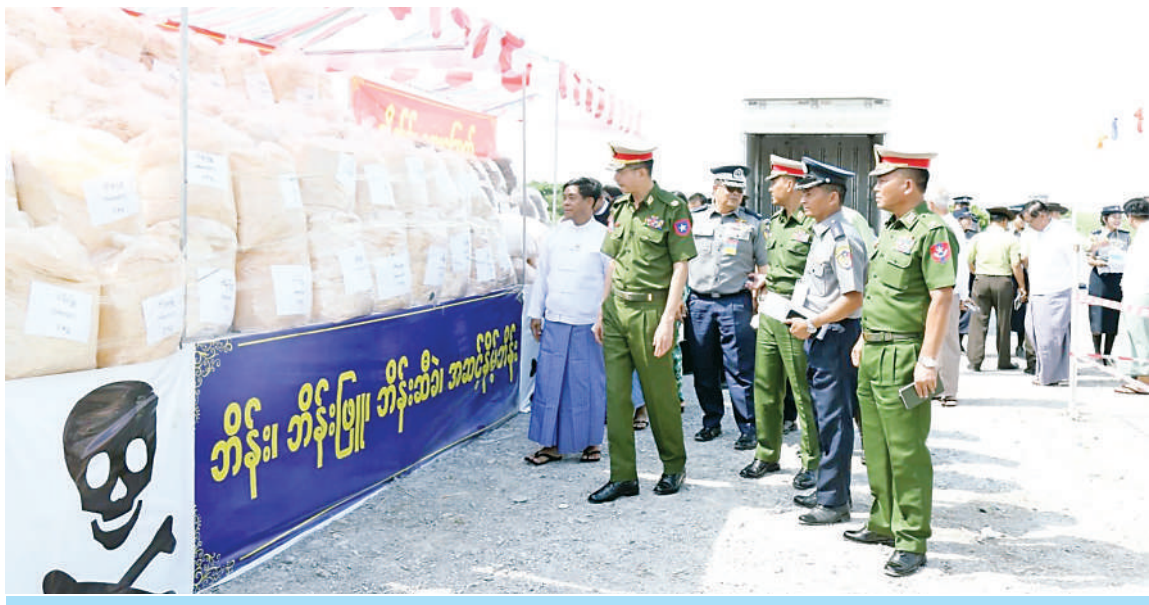
အလယ်ပိုင်းတိုင်းစစ်ဌာနချုပ် တိုင်းမှူး ဗိုလ်မှူးချုပ်အောင်ဌေး၊ မန္တလေးတိုင်းဒေသကြီးလွှတ်တော်ဥက္ကဋ္ဌနှင့် တာဝန်ရှိသူများက ဖမ်းဆီးရမိ မူးယစ်ဆေးဝါးများနှင့် ဓာတုပစ္စည်းများကို ကြည့်ရှုစဉ်။

နေပြည်တော် ဇွန် ၂၆ ၂၀၂၆ ခုနှစ် ဇွန် ၂၆ ရက်တွင် ကျရောက်သော အပြည်ပြည်ဆိုင်ရာ မူးယစ်ဆေးဝါးအလွဲသုံးမှုနှင့် တရားမဝင် ရောင်းဝယ်မှုတိုက်ဖျက်ရေးနေ့ အထိမ်းအမှတ်အခမ်းအနားများကို နေပြည်တော် ကောင်စီနယ်မြေတိုင်းဒေသကြီးပြည်နယ်များတွင်ကျင်းပခဲ့ပြီး တောင်ကြီးမြို့၊ ရန်ကုန်မြို့နှင့် မန္တလေးမြို့တို့တွင် တစ်နှစ်တာ ကာလအတွင်း ဖမ်းဆီးရမိမူးယစ်ဆေးဝါးများနှင့် ဓာတုပစ္စည်းများဖျက်ဆီးခြင်းကို တစ်ပြိုင်တည်းကျင်းပကြကာ စာပေ၊ ဂီတ ပြိုင်ပွဲများတွင် ဆုရရှိသူများကို ဆုများချီးမြှင့်ကြသည်။ ယနေ့ကျရောက်သည့် ၃၉ ကြိမ်မြောက် အပြည်ပြည်ဆိုင်ရာ မူးယစ်ဆေးဝါးအလွဲသုံးမှုနှင့် စာမျက်နှာ ၂၄ ကော်လံ ၁ ❖
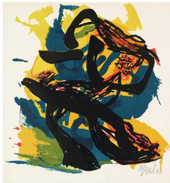
Untitled, Karel Appel, 1960 (tachisme)
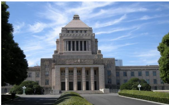
ສະພາແຫ່ງຊາດຍີ່ປຸ່ນ

ລັດຖະບານຈະເປີດປະຊຸມຄະນະລັດຖະມົນຕີອາທິດລະ 2 ຄັ້ງ ໃນວັນອັງຄານແລະວັນສຸກແຕ່ເນື້ອໃນການປະຊຸມນັ້ນຈະຖືກກຳນົດກ່ອນ 1 ມື້ ໃນກອງປະຊຸມຂອງຄະນະປະລັດກະຊວງໄວ້ແລ້ວ ດັ່ງນັ້ນເພື່ອທີ່ຈະຜັກດັນນະໂຍບາຍທີ່ວ່າ “ ຄວາມເປັນຜູ້ນຳທາງການເມືອງ “ ຈຶ່ງໄດ້ມີການພິຈະລະນາແນວທາງທີ່ຈະເສີມສ້າງຄວາມແຂງແຮງໃຫ້ກັບກົນໄກການເຮັດວຽກຂອງຄະນະລັດຖະມົນຕີ, ໂດຍສະເພາະແມ່ນກົນໄກການເຮັດວຽກຂອງທຳນຽມນາຍຍົກ ນອກຈາກນີ້ ຍັງເກີດເລື່ອງທີ່ວ່າ ຜູ້ທີ່ເປັນແກນນຳ ສໍລາດບັງລັດ (ຄໍລັບຊັ້ນ) ໃນກະຊວງການເງິນແລະກະຊວງສາທາລະນະສຸກແລະສະວັດດີການສັງຄົມ ເຮັດໃຫ້ມີສຽງວິພາກວິຈານຕໍ່ລະບົບແກ່ນນຳຢ່າງຮ້າຍແຮງຈາກປະຊາຊົນ ຈຶ່ງໄດ້ມີຄວາມພະຍາຍາມທີ່ຈະຜັກດັນການປະຕິຮູບລະບົບການບໍລິຫານ ການຜ່ອນຜັນລະບຽບກົດເກນ ຕະລອດຈົນລົບລ້າງລະບົບການປົກຄອງໂດຍກຸ່ມແກ່ນນຳ ແລະເຮັດໃຫ້ເກີດລະບົບການປົກຄອງໂດຍການນຳຂອງນັກການເມືອງ ອັນນີ້ກໍ່ໄດ້ກາຍເປັນຫົວຂໍ້ນະໂຍບາຍຂອງແຕ່ລະພັກການເມືອງຢູ່ໃນເວລານີ້.
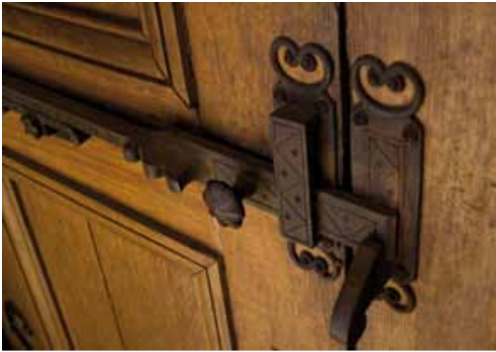
Des ferronneries anciennes réutilisées sur une des portes d'entrée de la maison
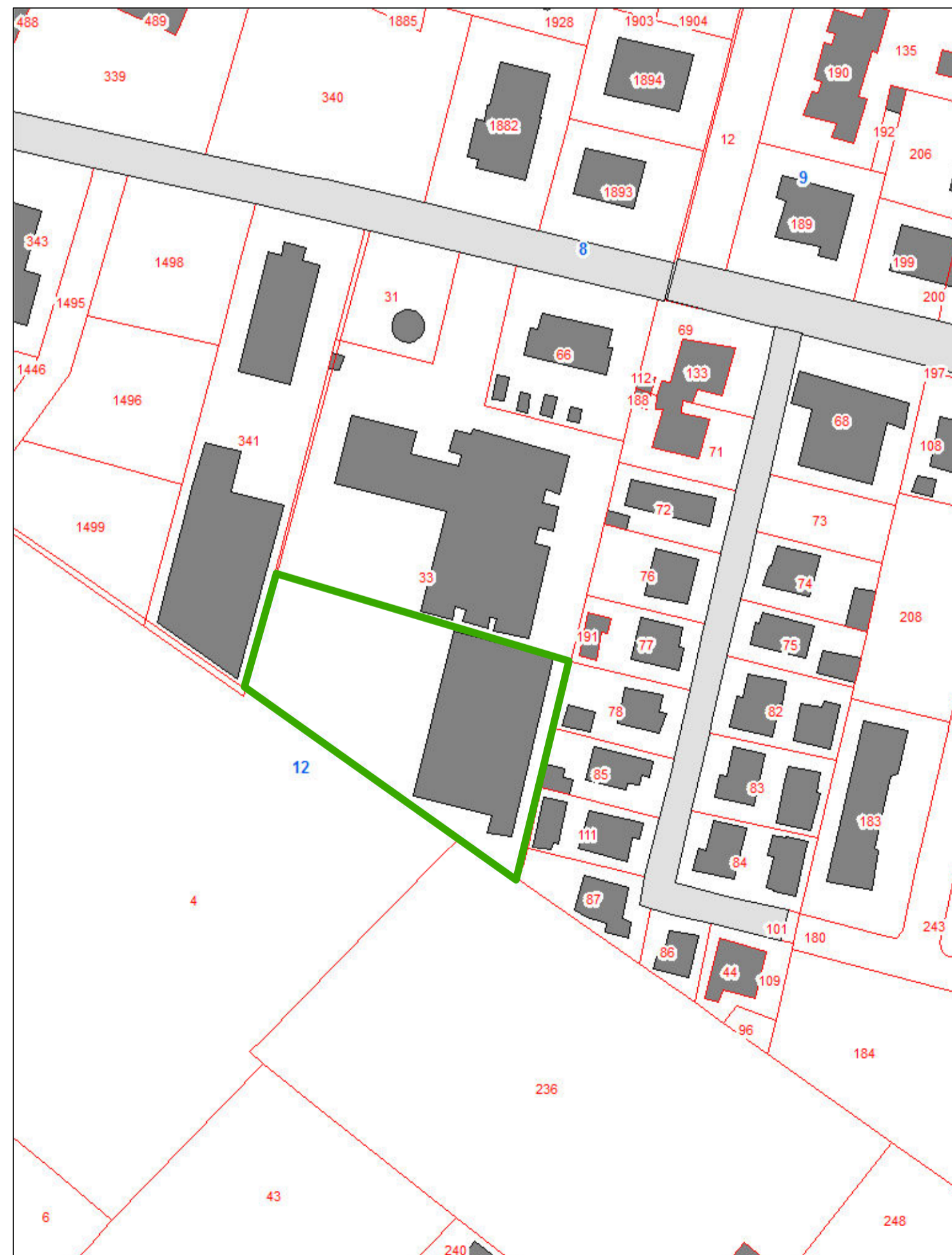
estratto catastrale Fg 12 map.le 33 parte
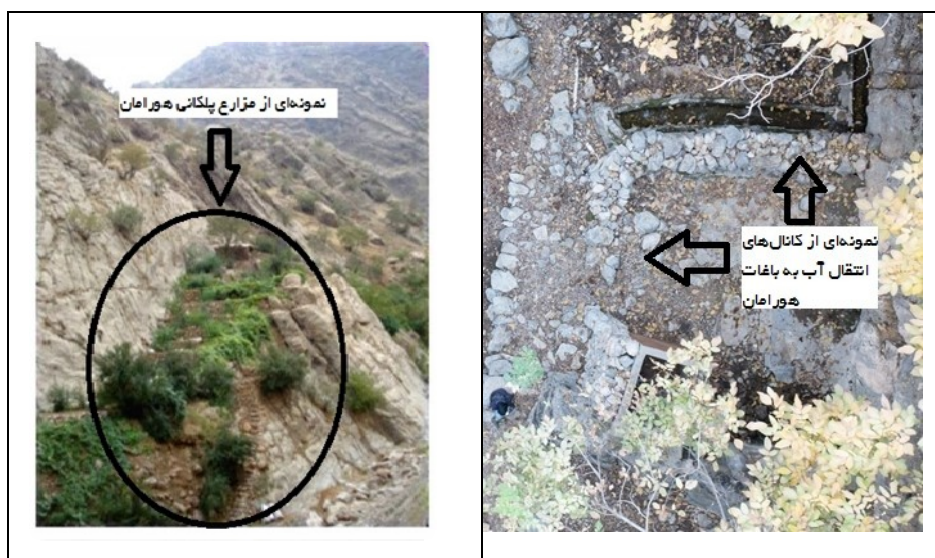
عکس ۸- جزئیات کانال آب‌ها و تراس‌بندی زمین‌های صخره‌ای برای انتقال آب و احداث باغ هورامان.

آب‌های سطحی و زیرزمینی را با تمام سختی‌های آن در یک محیط کوهستانی به سمت باغ‌ها انتقال داده و معیشتی مبتنی بر امور باغداری را به وجود آورده‌اند و برای قرن‌ها نقش پایداری در پویایی منظر فرهنگی هورامان داشته است (عکس ۸).
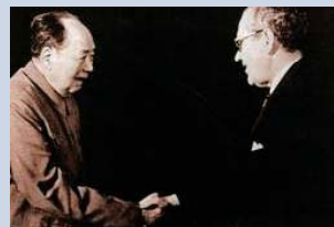
1974: Formand Mao Zedong møder statsminister Poul Hartling
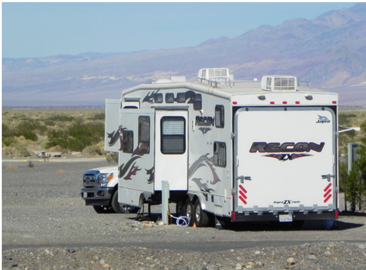
RV (recreational vehicle, veicolo da svago) allo Stovepipe Wells RV Park & Camping
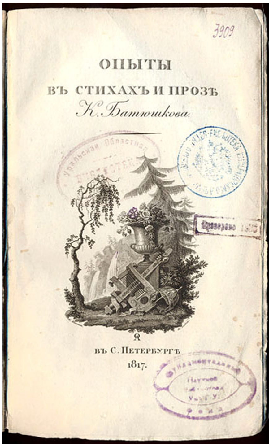
2. Гравированный титульный лист к сочинению К. Н. Батюшкова
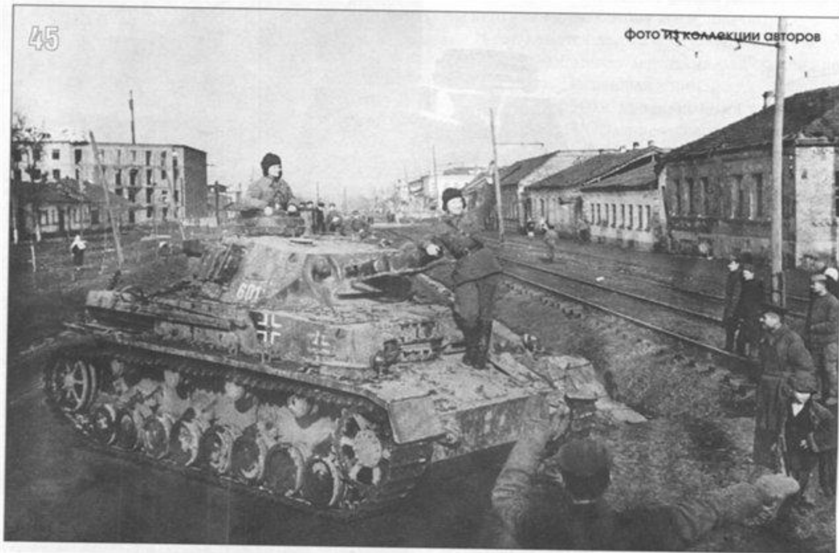
Северо-Кавказский фронт. г.Краснодар.
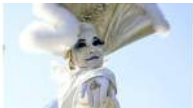
LES ECHASSIERS ANGES BLANCS entre Ombres et Lumières
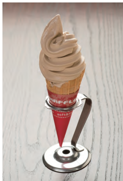
※金額はすべて税込み。

うまみがギュッと凝縮されたエスプレッソを練りこんだ、深いコクを味わえる珈琲ソフトもおすすめしたいメニューの一つです。350円
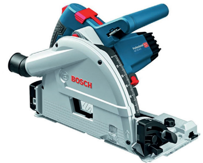
Scie BOSCH GKT 55 GCE (ref. 0.601.675.001)
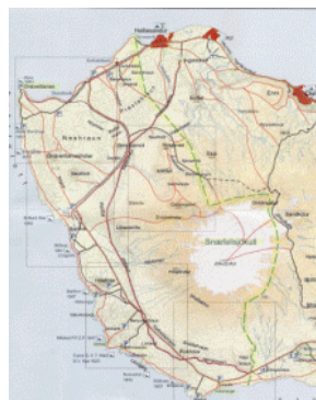
Mynd 1. Gula línan sýnir hvar mörk þjóðgarðsins liggja

Þjóðgarðurinn er staðsettur vestast á Snæfellsnesi og er það svæði oft nefnt "undir Jökli" 13 og er það tilvísun í nálægð hins dulmagnaða Snæfellsjökuls. Mörk þjóðgarðsins liggja um austurjaðar Háahrauns að sunnan í landi Dagverðarár og að norðan á austurmörkum Gufuskálalands.
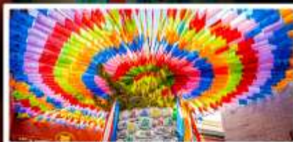
วัดลามะกว้างเหิน
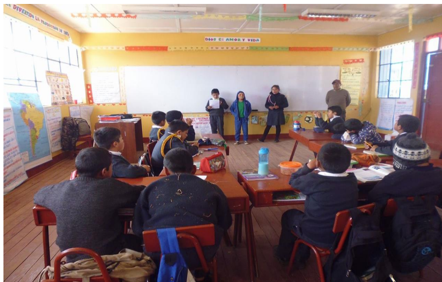
SOCIALIZAN LA PRODUCCIÓN DE TEXTOS COMO RESULTADO DE SU TRABAJO
# # # #
YOUR GOAL >> In the records above, find the line with "Untitled, Karel Appel, 1960 (tachisme)" and the line with "آب‌های سطحی و"; please transcribe exactly those two lines and all lines between them, omitting any picture.

WRITTEN SOLUTION >>
Untitled, Karel Appel, 1960 (tachisme)
ສະພາແຫ່ງຊາດຍີ່ປຸ່ນ

ລັດຖະບານຈະເປີດປະຊຸມຄະນະລັດຖະມົນຕີອາທິດລະ 2 ຄັ້ງ ໃນວັນອັງຄານແລະວັນສຸກແຕ່ເນື້ອໃນການປະຊຸມນັ້ນຈະຖືກກຳນົດກ່ອນ 1 ມື້ ໃນກອງປະຊຸມຂອງຄະນະປະລັດກະຊວງໄວ້ແລ້ວ ດັ່ງນັ້ນເພື່ອທີ່ຈະຜັກດັນນະໂຍບາຍທີ່ວ່າ “ ຄວາມເປັນຜູ້ນຳທາງການເມືອງ “ ຈຶ່ງໄດ້ມີການພິຈະລະນາແນວທາງທີ່ຈະເສີມສ້າງຄວາມແຂງແຮງໃຫ້ກັບກົນໄກການເຮັດວຽກຂອງຄະນະລັດຖະມົນຕີ, ໂດຍສະເພາະແມ່ນກົນໄກການເຮັດວຽກຂອງທຳນຽມນາຍຍົກ ນອກຈາກນີ້ ຍັງເກີດເລື່ອງທີ່ວ່າ ຜູ້ທີ່ເປັນແກນນຳ ສໍລາດບັງລັດ (ຄໍລັບຊັ້ນ) ໃນກະຊວງການເງິນແລະກະຊວງສາທາລະນະສຸກແລະສະວັດດີການສັງຄົມ ເຮັດໃຫ້ມີສຽງວິພາກວິຈານຕໍ່ລະບົບແກ່ນນຳຢ່າງຮ້າຍແຮງຈາກປະຊາຊົນ ຈຶ່ງໄດ້ມີຄວາມພະຍາຍາມທີ່ຈະຜັກດັນການປະຕິຮູບລະບົບການບໍລິຫານ ການຜ່ອນຜັນລະບຽບກົດເກນ ຕະລອດຈົນລົບລ້າງລະບົບການປົກຄອງໂດຍກຸ່ມແກ່ນນຳ ແລະເຮັດໃຫ້ເກີດລະບົບການປົກຄອງໂດຍການນຳຂອງນັກການເມືອງ ອັນນີ້ກໍ່ໄດ້ກາຍເປັນຫົວຂໍ້ນະໂຍບາຍຂອງແຕ່ລະພັກການເມືອງຢູ່ໃນເວລານີ້.
Des ferronneries anciennes réutilisées sur une des portes d'entrée de la maison
estratto catastrale Fg 12 map.le 33 parte
عکس ۸- جزئیات کانال آب‌ها و تراس‌بندی زمین‌های صخره‌ای برای انتقال آب و احداث باغ هورامان.

آب‌های سطحی و زیرزمینی را با تمام سختی‌های آن در یک محیط کوهستانی به سمت باغ‌ها انتقال داده و معیشتی مبتنی بر امور باغداری را به وجود آورده‌اند و برای قرن‌ها نقش پایداری در پویایی منظر فرهنگی هورامان داشته است (عکس ۸).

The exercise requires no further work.